ホルモンブームについて。

和牛の供給難→米国牛、豪州牛の調達に業界が走ると、かつてのジンギスカンブームのように一過性で終わるかも。


和牛の上質なホルモンを安く食べられるからこそ、価値があるのでは???



女性がリードする「ホルモンマーケット」の行方

女性がリードする「ホルモンマーケット」の行方

今日の日テレ「ズームイン!!SUPER」で“女性のホルモンブーム”を特集していました。私もブームについての解説を求められ、少しホルモンマーケットの現状について調べてみた。
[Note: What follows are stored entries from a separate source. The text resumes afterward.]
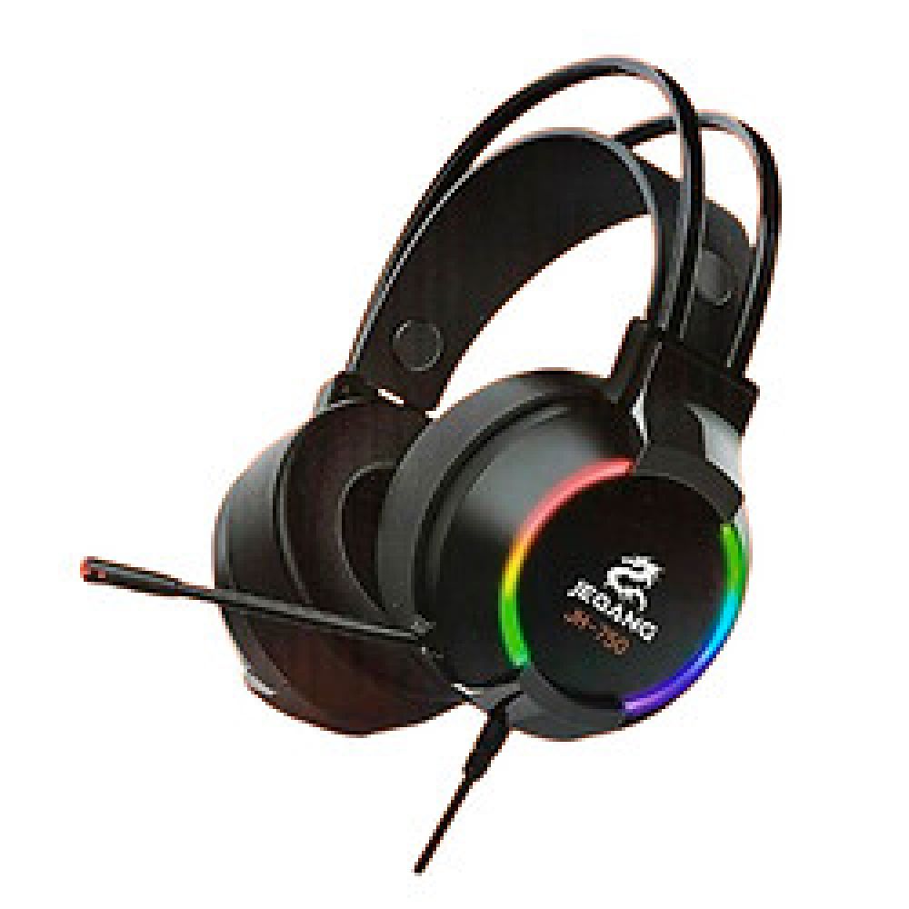Ігрові навушники Jeqang JH-750 7.1 поєднують у собі стиль, функціональність та кришталево чистий звук для максимального залучення до ігрового процесу. Аксесуар реалізований в оригінальному, футуристичному дизайні. Матові та глянсові деталі у поєднанні з градієнтним RGB підсвічуванням відображають його ігрову спрямованість. Завдяки ергономічній конструкції та невеликій вазі їх можна підлаштувати під розмір голови будь-якої людини та використовувати тривалий час без відчуттів дискомфорту. Корпуси вушних елементів та дві дуги обода виготовлені із міцного, стійкого до навантажень пластику, а еластична накладка оголов'я та обшивка м'яких амбушюр – із зносостійкої штучної шкіри. Відтворення об'ємного звуку з віртуальним ефектом 7.1 здійснюється сучасними драйверами діаметром 50мм. На одному з вушних елементів розташовані вихід вбудованого кабелю та чутливий всеспрямований мікрофон на гнучкій ніжці, який реалістично передає мову. Кабель довжиною 2.2 метра захищений зовнішньою обплетенням з PVC, оснащений роз'ємами USB (male) для подачі живлення для підсвічування та двома роз'ємами AUX 3.5mm (male) для підключення до аудіо інтерфейсів IN та OUT комп'ютера.
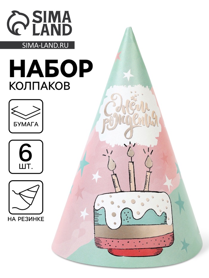 Колпак праздничный бумажный «С Днём рождения», 6 шт. - товар, который Вы можете приобрести в нашем интернет-магазине. Заказ могут оформить как юридические, так и физические лица. Бесплатная доставка по Астане, также, отправляем по РК.
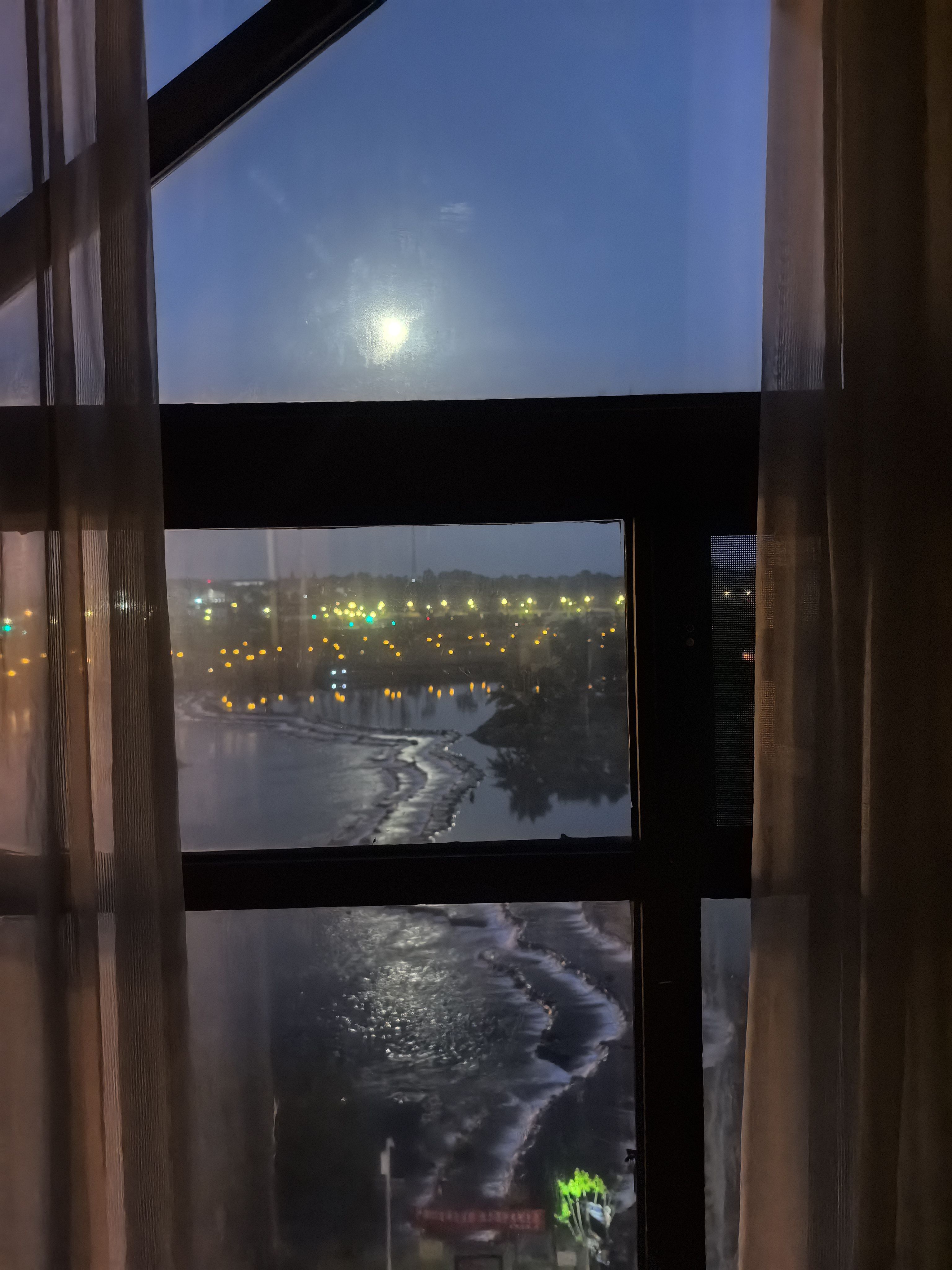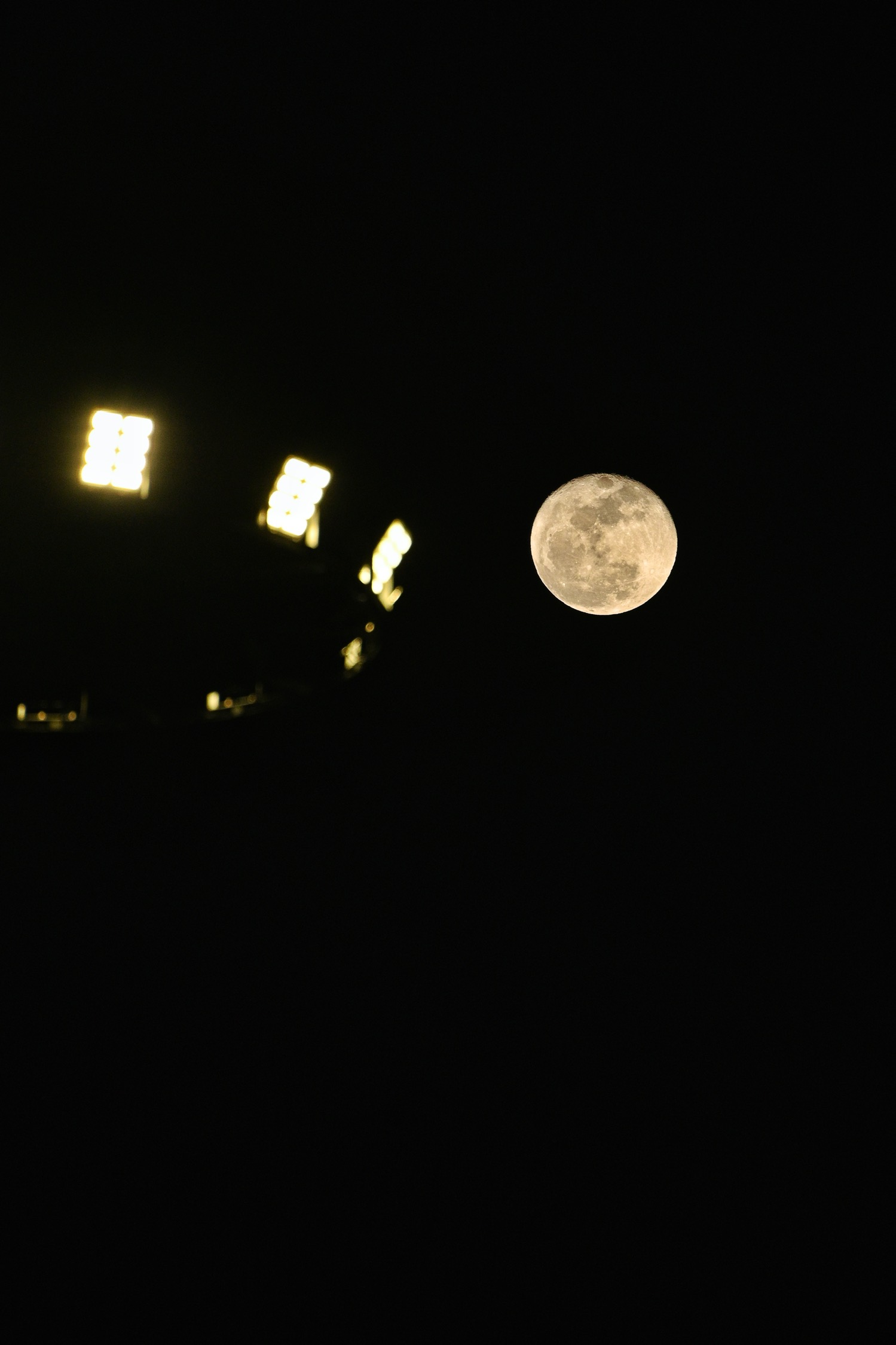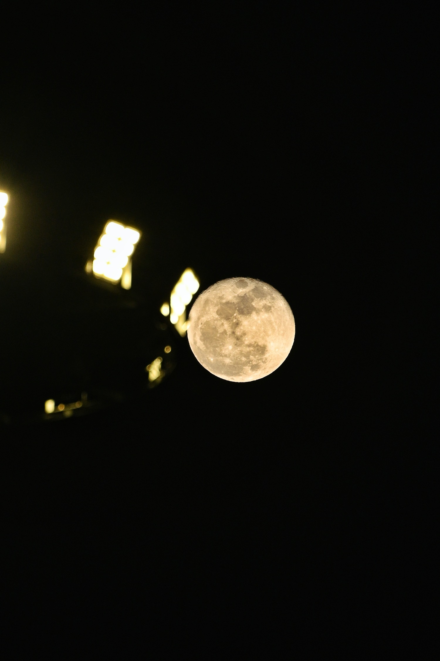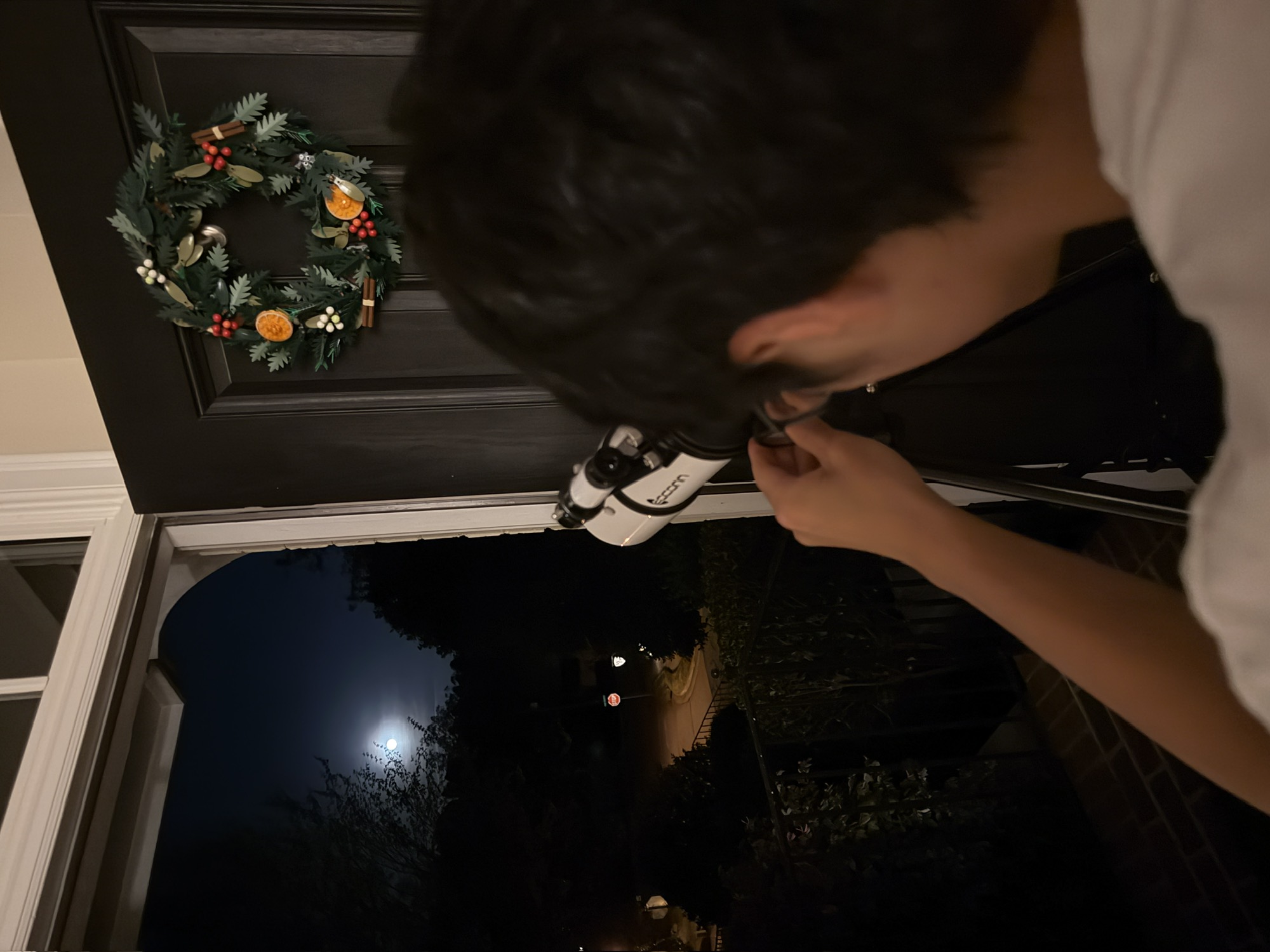 回家路上,看到满月刚从一个湖面上跳出来,诺大个盘子般,金灿灿的。后来车子转了方向,月亮就在我们身后了。回到家,老公把望远镜装上,刚好在家门口就能看。
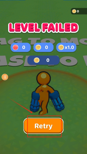 4、最后,重新开始关卡。如果关卡失败,点击“Retry”按钮重新开始当前关卡,继续尝试直到成功。
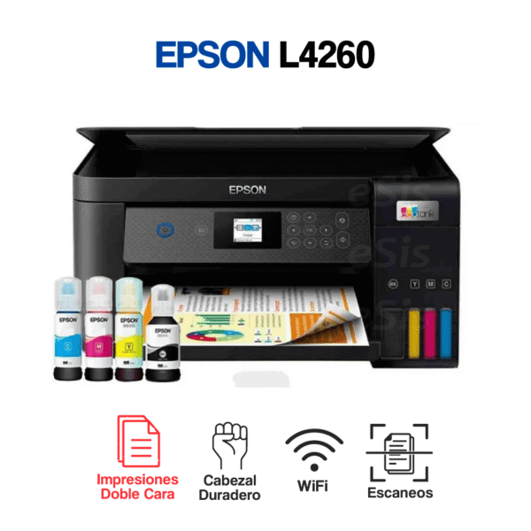 - PROMOCIÓN: Incluye Tintas eSiscolor 4 unidades de 250ml c/u (rinde hasta 15,000 impresiones)
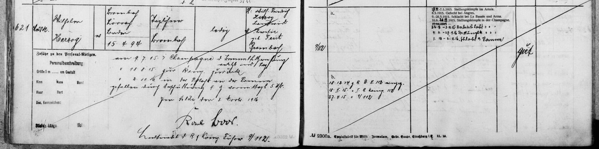 Ersatz-Reservist STOFER Wilhelm 09.12.1888 - 10.05.1915 27 Jahre alt aus Brombach 6. Badische Infanterie-Regiment Kaiser Friedrich III No.114 1. Bataillon, 1. Kompagnie Gefallen |

たしかに、最近の女性のホルモン人気はすごい盛り上がりを見せている。恵比寿にオープンした「ホルモンキング」 は女性一人でホルモン焼き屋に行く“ホルモンヌ”を意識した店づくり。例えば、店舗デザインは、温かみがあり気軽な雰囲気の店内は、女性一人のお客様でも入りやすいように、カウンター席がメインになっている。また、美肌づくりに欠かせないコラーゲンメニューを充実した。定番の豚足、タン塩、生ギモ(レバ)はもちろん、2 日間煮込んだテールスープ、大人気のコラーゲンよせなどは、とくにコラーゲンが豊富なメニュー。また、コラーゲン入りサワーやデザートも用意している。先日覗いてみたが、なんと客の9割は女性だった。ホルモン焼きはもう“オヤジの聖域”ではない。恵比寿では、下町から進出してきた「亀戸ホルモン」 、ラ・ブレアダイニングの「恵比寿一丁目」 などが人気店だが、いずれも女性客が入りやすい店作りとなっている。女性主導による昔「焼肉」「もつ鍋」、今「ホルモン」とでもいうべき“ポスト焼肉”“ポストもつ鍋”現象が起きているのだ。


女性にホルモン人気が広がったのは、「安いわりに栄養価が高く、美容と健康にいい」という理由。2,000~3,000円で美食を買えるという“言い訳”が女性たちの足をホルモン専門店に向けさせたのだ。たしかに、ホルモンにはビタミン、ミネラル、コラーゲンが多く含まれている。「野菜と一緒に食べれば効果は絶大」という女性が飛びつきそうなコピーも氾濫している。もつ鍋ブームの決め手となった「マルチョウ」(牛の小腸を裏返して脂身を閉じ込めた部位)だけでなく、「センマイ」「ハツ」「ハチノス」なども、部位別の栄養価が喧伝され、多く食べられるようになった。こうして、オヤジたちが愛した“煙もくもく系”のホルモン屋から、トレンドは女性が食べてキレイになるための“ホルモンヌ系”へと移り、ホルモンマーケット全体の拡大を促進している。新橋には、“ホルモンヌ御用達”の立ち食いホルモン店「闇市ジョニー」がオープンし、女性一人客がカウンターでホルモンの七輪焼きを嗜む姿が見られるという。今後も、こうしたホルモンヌターゲットの専門店が増えるのだろう。


しかし、ホルモンマーケットの拡大には課題もある。いま人気の和牛の上質なホルモンの供給量は限られているからだ。全国焼肉協会の理事に就任したエスフーズの東京支店長によると、現在和牛の屠畜(とちく)は年間120万頭、一日5,000頭だという。その5,000頭の内臓を分け合っているのが現状で、新鮮で上質な部位、丁寧に二次加工されたものとなれば、さらに量は限られるだろう。したがって、専門店の数も植えているとはいえ、焼肉店全体の1割にも満たないという。現在、焼肉店は全国で20,000~23,000店、市場規模で7,000億円。既存の焼肉店もホルモンの部位を充実する動きを強めているから、余計に専門店に回る上質のホルモンは限られる。一方、輸入肉でシェアを伸ばしているチェーン店「情熱ホルモン」 も登場。現在170店舗。昨年までは目標200店舗だったが、今年のブームをバネに「今後250店舗の展開に目標を変えた」(同社広報)と強気。かつて「牛角」が米国産輸入牛で急成長したように、「情熱ホルモン」は“ポスト牛角”になりそうな勢いだ。今後、ホルモンマーケットは、“和牛派”の少店舗型と“輸入牛派”のチェーン展開型の二つに分かれそうだ。